TV COMUNITÁRIA: UMA AÇÃO POLÍTICA DA IMAGEM
Musso Greco
Coordenador/ TV Sala de Espera
A análise das entrevistas de avaliação geral realizadas junto à comunidade à época do
encerramento do projeto de TV comunitária TV Sala de Espera (TV Comunitária realizada na
região nordeste de Belo Horizonte no período de 1993 a 1997) aponta para a importância do
aparecimento no espaço público, que é identificado pelos entrevistados como algo mais
importante que qualquer reconhecimento em suas vidas privadas, no que diz respeito à
possibilidade de reverberação daquilo que lhes é próprio para “os outros” (os vizinhos, os
parentes, as autoridades, etc.). A percepção da ampliação do poder comunicativo quando se
acessa um canal como uma TV comunitária está presente na fala dos entrevistados:
“Eu acho que a TV Beira Linha [uma das realizações do projeto TV Sala de Espera]
alcançou um objetivo muito importante de descobrir pessoas que têm competência e
capacidade para desenvolver trabalhos e que estão escondidas e que não têm acesso a
nada. É preciso mostrar o trabalho destas pessoas no bairro.”

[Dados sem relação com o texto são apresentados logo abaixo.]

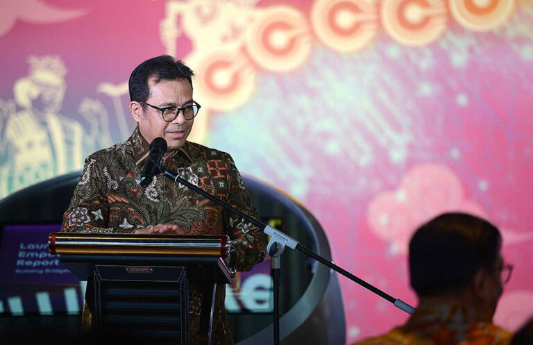 Wakil Menteri KOMDIGI Nezar Patria saat Launching Event Empowering Indonesia Report 2025 di Jakarta, Senin (27/10). Pemerintah Republik Indonesia menargetkan pertumbuhan ekonomi hingga 8% dan status negara berpenghasilan tinggi pada 2030 sebagai bagian dari visi Asta Cita. Salah satu pendorong utama pencapaian tersebut adalah pemanfaatan kecerdasan artifisial (AI) yang berdaulat. Menyadari hal ini, Indosat bersama Twimbit, perusahaan riset dan konsultasi terkemuka, meluncurkan Empowering Indonesia Report 2025 bertema “Building Bridges of Tomorrow”, yang menegaskan pentingnya sovereign AI atau AI berdaulat sebagai fondasi utama pertumbuhan ekonomi digital Indonesia.Foto/RoniMawardi/BUMNTRACK
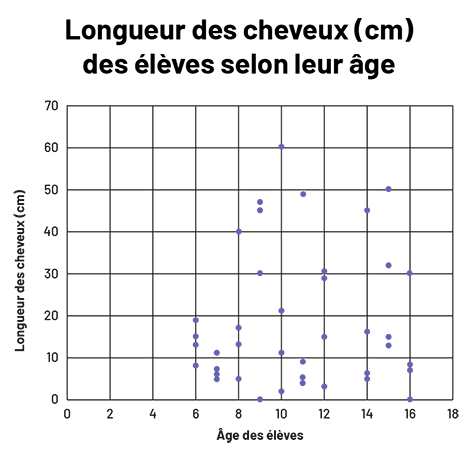 se nomme « Âge des élèves » et est gradué de zéro à 18, tandis que l’axe vertical se nomme « Longueur des cheveux en
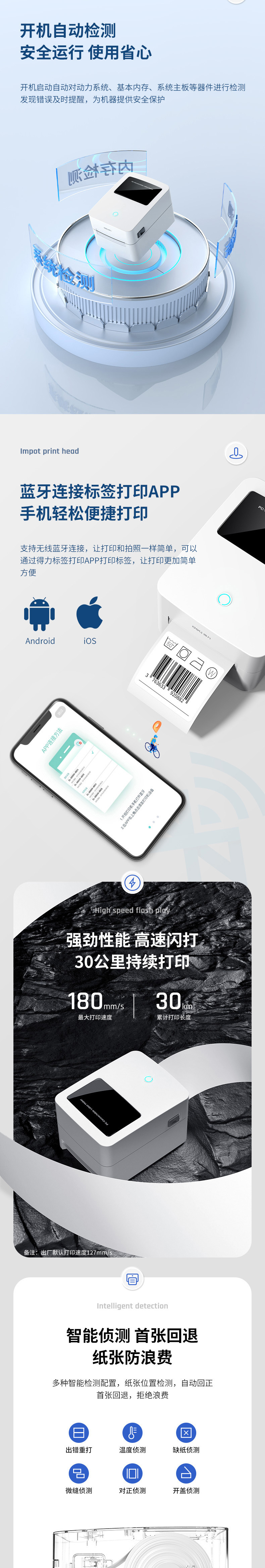 델리 720C/720W 라벨 프린터 익스프레스 전자 표면 단일 열 접착 바 코드 블루투스 프린터스토어 가기
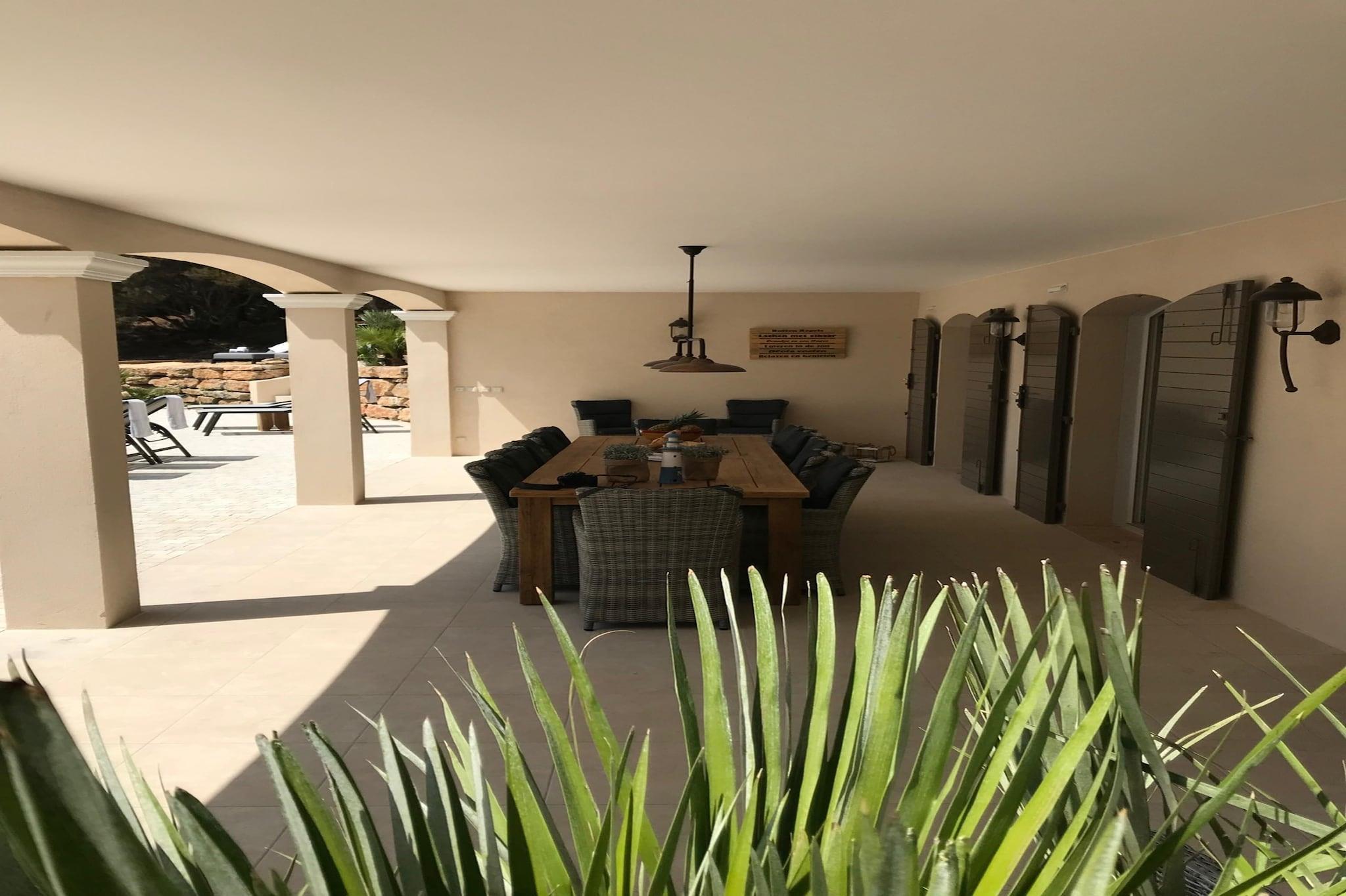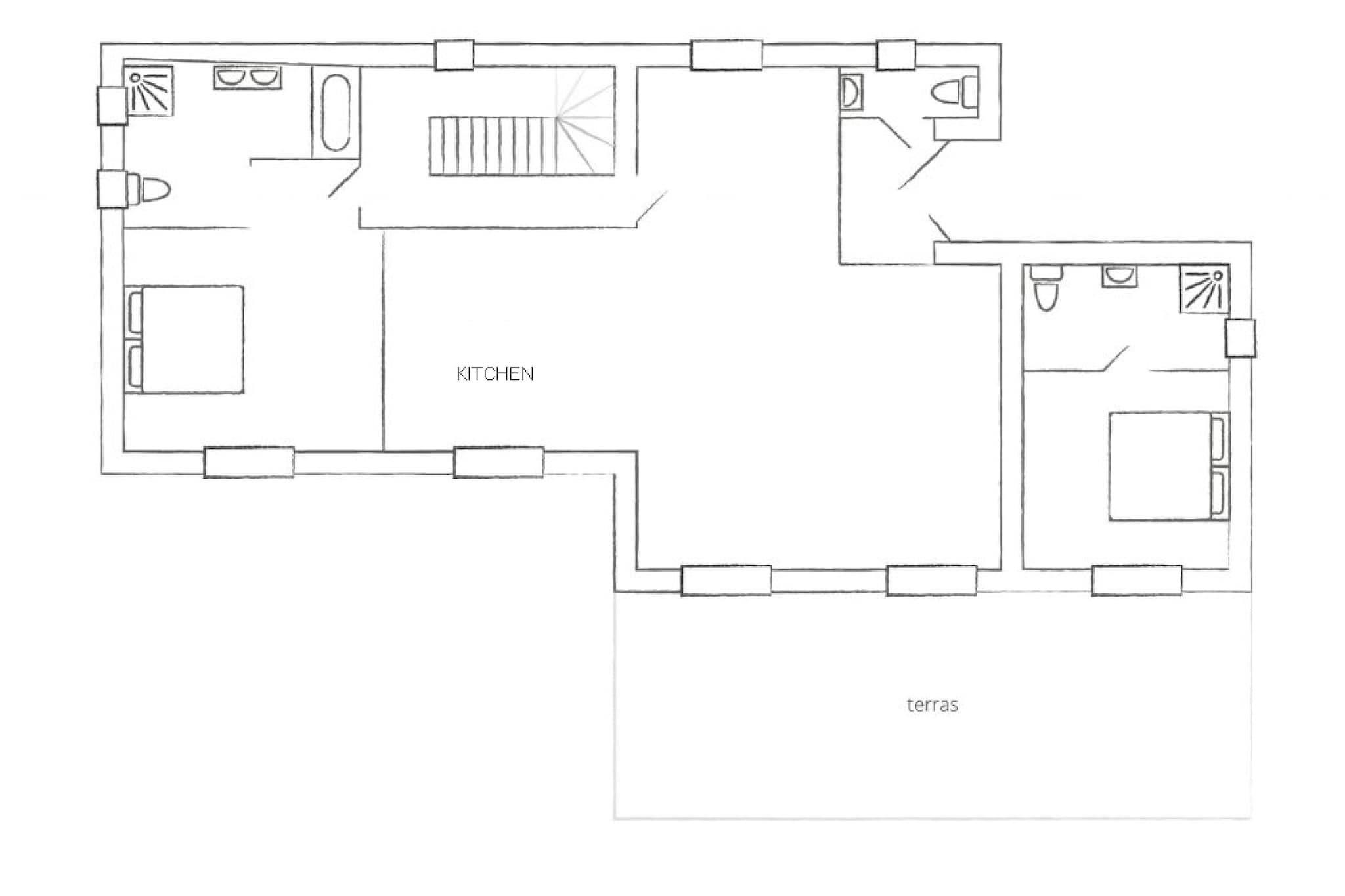 Ground floor: (Kitchen(electric kettle, toaster, cooker(5 ring stoves, ceramic), coffee machine(cups), oven, microwave, dishwasher, fridge-freezer, heating(floor heating), Juicer, Blender), Living/diningroom(TV(satellite), dining table, seating area, DVD player, heating(floor heating)), Bedroom with bathroom(double bed(180 x 200 cm), bath tub, shower, washbasin, washbasin, toilet, heating(through air conditioning), heating(electric), air conditioning), Bedroom with bathroom(double bed(180 x 200 cm), shower, washbasin, toilet, heating(through air conditioning), heating(electric), air conditioning), toilet, storage(tumble dryer, washing machine), terrace, garden furniture, parasol, high chair, high chair) On the 1st floor: (Bedroom with bathroom(single bed(80 x 200 cm), single bed(80 x 200 cm), shower, washbasin, toilet, heating(through air conditioning), heating(electric), air conditioning), Bedroom with bathroom(single bed(90 x 200 cm), single bed(90 x 200 cm), TV(satellite), bath tub, washbasin, toilet, heating(through air conditioning), heating(electric), air conditioning), cot, cot) air conditioning, terrace(private), garden(private, fenced, 10000 m2), garden furniture, BBQ(charcoal), parking, deckchairs, parasol, swimming pool(private, heatable, 10 x 5 m.)
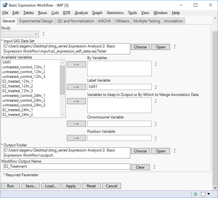 - In the General tab, choose e2 _expression_edf_data.sas7bdat as the Input SAS Data Set.
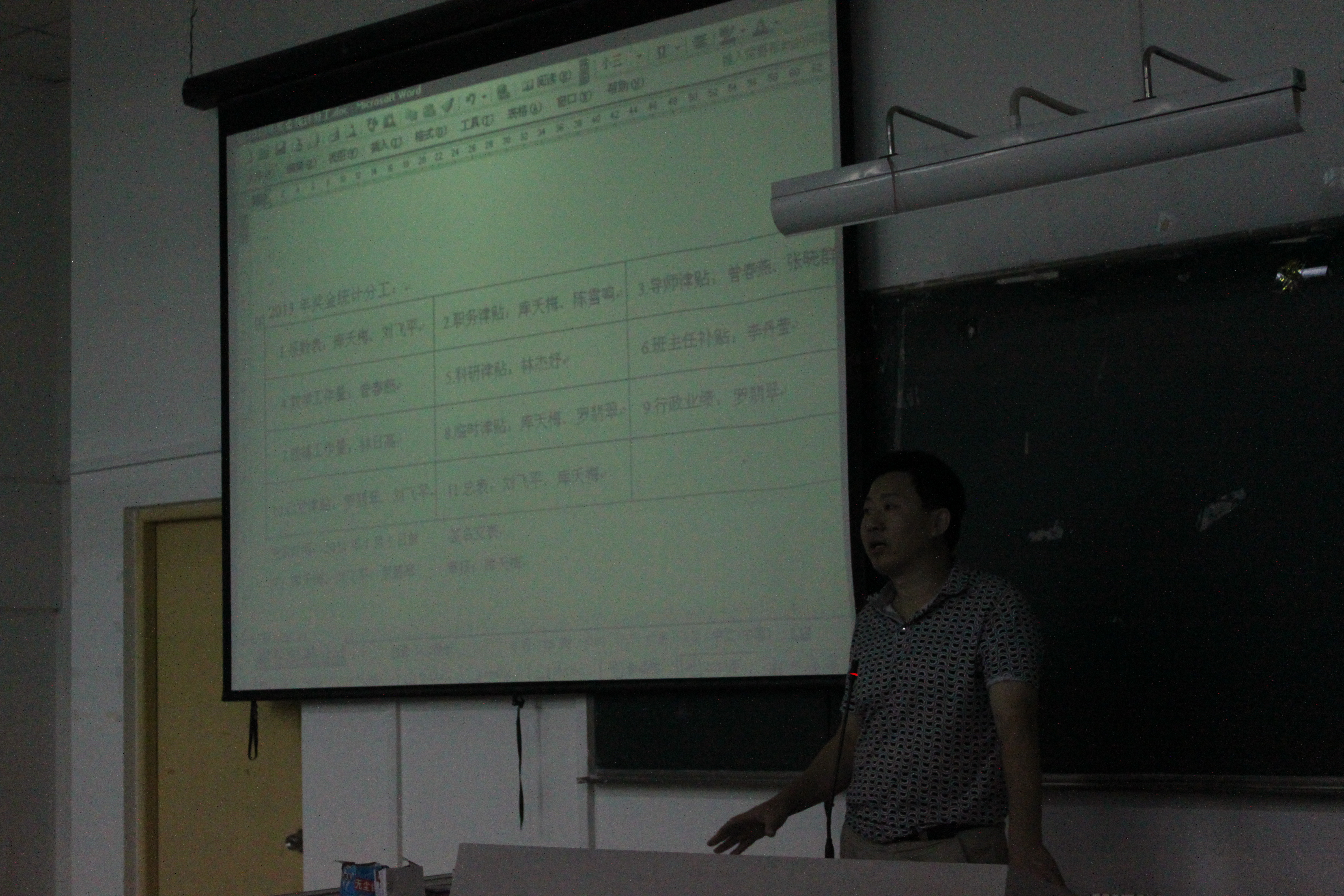 随后,副院长向红就分管的教学工作进行了讲话,他谈到,全体教师要认真做好科研教学工作,尤其今年是学校课程建设年,教学评估工作要求更加严格。同时,学校已公开A系列的课程征集,希望有时间的老师积极开课。

Em relação à idéia de mostrar-se, nossos entrevistados parecem concordar com Hannah
Arendt quando esta afirma que o ato de aparecer é o que constitui a realidade, que “o mundo é
aquilo que surge entre os homens, onde o que cada um traz por nascimento pode se tornar audível
e visível ”. A imagem produzida na TV comunitária é reconhecida como algo que ressignifica o
cotidiano da vida de uma região, dando-lhe o estatuto renovado de algo que passa de fato a
existir:
“(...) Algumas pessoas da comunidade que participaram mais ativamente da TV Beira
Linha têm vontade de vivenciar uma nova realidade: a nossa própria realidade”.
A noção de realidade enunciada aqui parece articulada à necessidade de um mundo
comum onde as coisas podem ser vistas por muitas pessoas. Sendo assim e sabendo, pela
Psicanálise, que a imagem é o que vem para forjar o eu, ou seja, o eu é uma produção imaginária
que desconhece sua condição de imagem e busca estabelecer sua unidade de indivíduo por
identificação às imagens das coisas visíveis - torna-se inevitável relevar a dimensão do poder da
imagem televisiva na constituição da subjetividade. Nessa perspectiva, o mundo outro que é
mostrado na TV se oferece, nesses nossos tempos em que “o homo sapiens virou homo videns”1,
como modelo privilegiado de identificação e pode funcionar como matriz imaginária do princípio
de realidade dos telespectadores.
A TV Comunitária parte dessa premissa para, antes de tudo, funcionar como um mágico e
reluzente espelho de determinada população, fator de grande interesse para uma possível ação
política de promoção de cidadania, quando este ‘circuito visual’ - ver-se e a seus pares fazendo-se
ver - é parte de um projeto dialógico de construção coletiva de uma imagem pública mais potente.
A experiência do projeto TV Sala de Espera (1993 / 1997) demonstrou os efeitos desse
processo na valorização da auto-imagem dos envolvidos e no incremento da mobilização
comunitária na luta pela melhoria das suas condições de vida. Tais aspectos constituíram o eixo
central da experimentação metodológica do projeto TV Sala de Espera:
“É uma proposta legal, (...), essa questão dessa TV aqui. Além de causar uma
identificação rápida do pessoal do bairro com o programa, é uma oportunidade da gente ter um
lugar em que a gente possa falar o que a gente vive, o que atrapalha, etc. (...), é mais um meio
dela (a comunidade) se expressar”.
“Moramos longe, mas agora estamos ficando mais chiques que o centro. O comentário
aqui é que o último bairro de Belo Horizonte é o nosso. E nós ficamos mais importantes, porque
somos o último, mas temos a nossa televisãozinha particular. E eles, não”.
1
G. Sartori sustenta este argumento na afirmativa de que a TV nos tornou insensíveis ao texto escrito e falado e nos fez
desenvolver um senso de intimidade com pessoas e fatos distantes, que nos leva a responder a pessoas e eventos em
termos predominantemente emocionais e identificatórios.